When we measure this way, AI’s impact becomes clearer:

  • Did we ship more features that customers actually used?
  • Did we reduce time from customer request to deployed solution?
  • Did we improve product quality (fewer bugs, better UX)?

To Luis’s Original Question

Are we trading one cognitive load for another?

From a product perspective: Yes, and we’re not measuring the trade-off correctly.

We’re measuring the cognitive load reduction (less time writing boilerplate) but not measuring the cognitive load increase (context switching, review burden, integration debugging).

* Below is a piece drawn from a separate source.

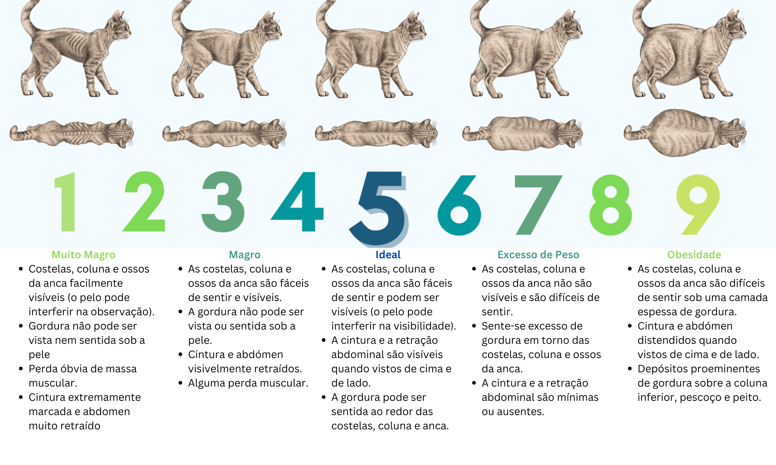 Condição Corporal: Utiliza uma escala de "Body Condition Score" (BCS) de 1 a 9 para determinar se o animal está magro, ideal ou com excesso de peso.

In product terms, we’re measuring benefits but not costs. That’s how you end up with a beautiful feature that tanks retention because we didn’t measure the onboarding friction it created.


Maya’s framing is perfect: Are we optimizing for “time to first draft” when we should optimize for “time to production-ready”?

I’d add: Are we optimizing for “features coded” when we should optimize for “customer problems solved”?

The best product teams learned to measure outcomes, not outputs. Maybe the best engineering teams need to make the same shift.